Although UFC may not have the decades of content that other U.S. sports leagues must account for, Christy King faces a unique challenge of her own. Unlike her peers on-stage at the SAM Forum, whose leagues host their events in the same type of venue day after day, UFC events can be held in an NBA/NHL arena one week, a Las Vegas concert venue the next, and an arena in Brazil the next. As VP, digital, technology R&D, King is faced with bringing back that content and efficiently managing it for an ever-increasing number of UFC events and programs.

“The biggest issue,” she said, “is, you have data siloed everywhere and, whether it’s one company or several divisions within the company or different companies, somebody has to figure out how to eventually get all that data at least talking to each other, if not all in the same place.”

MLB Network
In 2009, MLB Network and MLB Productions launched its DIAMOND (Digitized Industry Assets Managed Optimally for Networked Distribution) system, which is responsible for ingesting, managing, and distributing the glut of content that comes into its Secaucus, NJ, facility each day. Since then, the MLB Network team has continued to perfect and grow the system to keep up with an ever-increasing amount of content: from 2,000 hours per week of HD content archived during the 2010 season to 3,600 hours in the 2013 season.
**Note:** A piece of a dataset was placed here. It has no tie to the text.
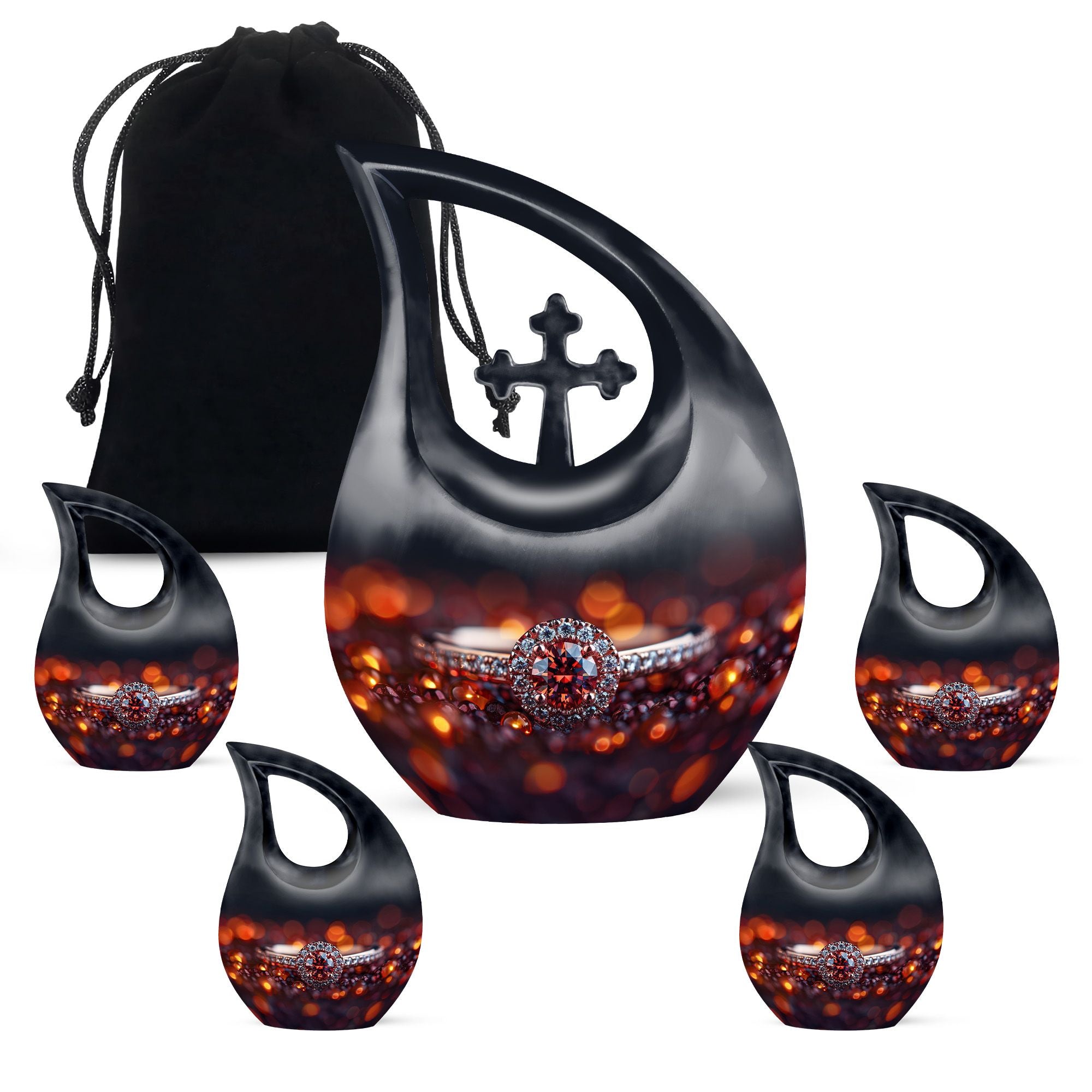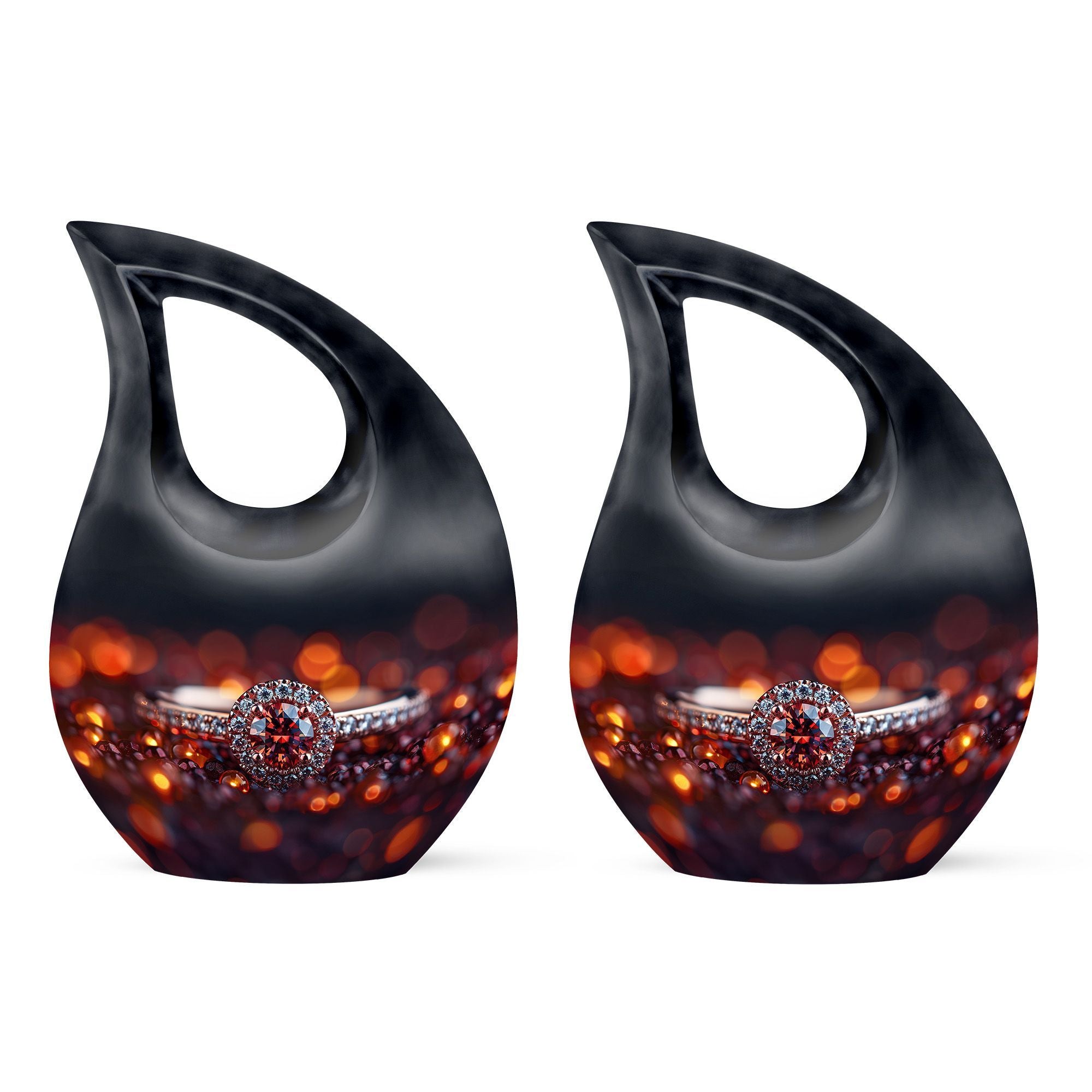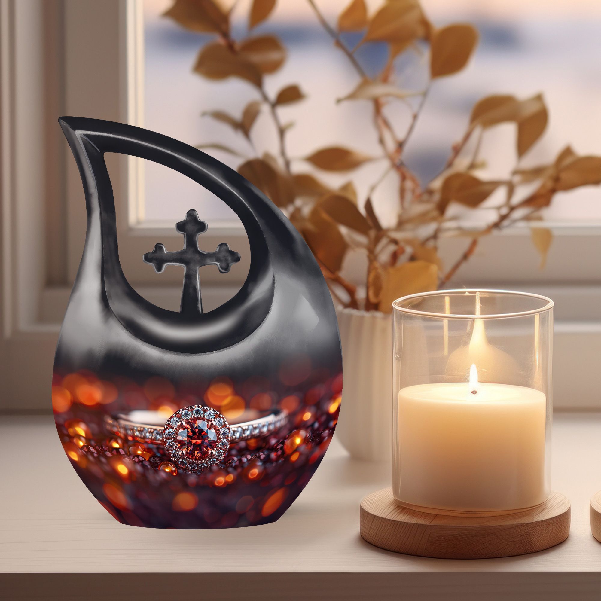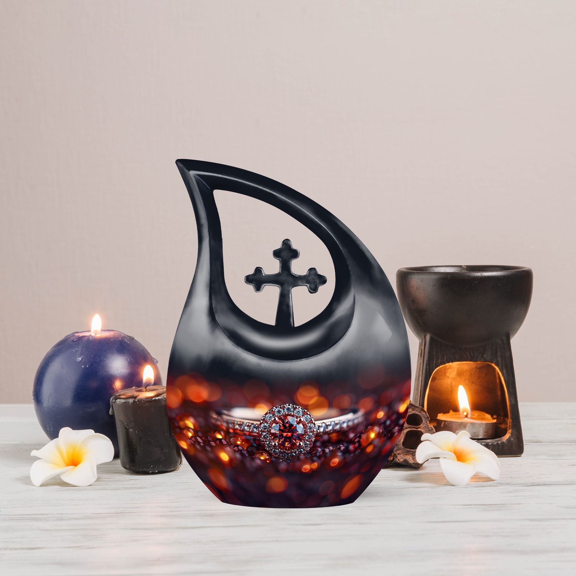 Step into the realm of tranquility and peace with our majestic Ring Urn also known as our 'Large urn'. Carefully crafted with high quality aluminium, this cremation container boasts an impressive capacity of 200 cubic inches, making it ideal for preserving the ashes of your loved ones. Our cremation containers reflect a minimalist aesthetic, embodied in a Cross Drop motif that transcends time and tradition. Experience a seamless blend of grace and functionality with this 10-inch tall urn weighing at 3.3 pounds. To enhance its uniqueness, we offer the option to personalize it with engraved names, imbuing it with a strong sense of belonging. Your urn comes nestled in a velvet pouch acting as a dignified containment for ashes. A perfect way to pay tribute, our Ring Urn proves to be an ideal Memorial urn. This product widely caters to keywords such as 'Urn For Dad', 'Custom Cremation Urns', 'Large Urns For Ashes', and 'Small Urn'.

Tab Butler, Director, Media Management and Post Production at MLB Network

Tab Butler, Director, Media Management and Post Production at MLB Network

“You start to look at it and say, ‘Oh my gosh, when is [the increase of content] going to plateau?’ Well, the unfortunate thing about all this is that it doesn’t ever plateau,” said Tab Butler, director, media management and post production, MLB Network. “I don’t know where or how far we will be at the end of this year or next year, but I can tell you that it is just going to continue to grow. For the last 30 days, we had 2,000 jobs per day, so you can see that there is a lot of activity going on.”

NASCAR Media Group
Over the past 4½ years, NASCAR Media Group has ingested an astounding 160,000 hours of archived footage and is currently ingesting 1,200 each month. In order to make this possible — and, more important, efficient — the Group built its MAM system on an open architecture that centers on five key stages: ingest (as ProRes mezzanine and H.264 proxies), log (EVS for live logging and Levels Beyond for archive into PostgreSQL asset database), edit (just transitioned from Apple Final Cut Pro to Adobe Premier Pro), transcode (using Telestream Vantage and Episode), and transmit (EVS for live applications and Web FTB).

Chris Witmayer, NASCAR Media Group, Director Of Broadcast, Post Production, and New Media Technology

Chris Witmayer, NASCAR Media Group, Director Of Broadcast, Post Production, and New Media Technology

“The open architecture allows us to replace products should they not make the cut or not make us happy a few years down the road,” says Chris Witmayer, director of broadcast, post production, and new media technology, NASCAR Media Group. “You always want to simplify your workflow. As Thoreau said, simplify, simplify, simplify. [Our system] is less complicated today than it was when we started.”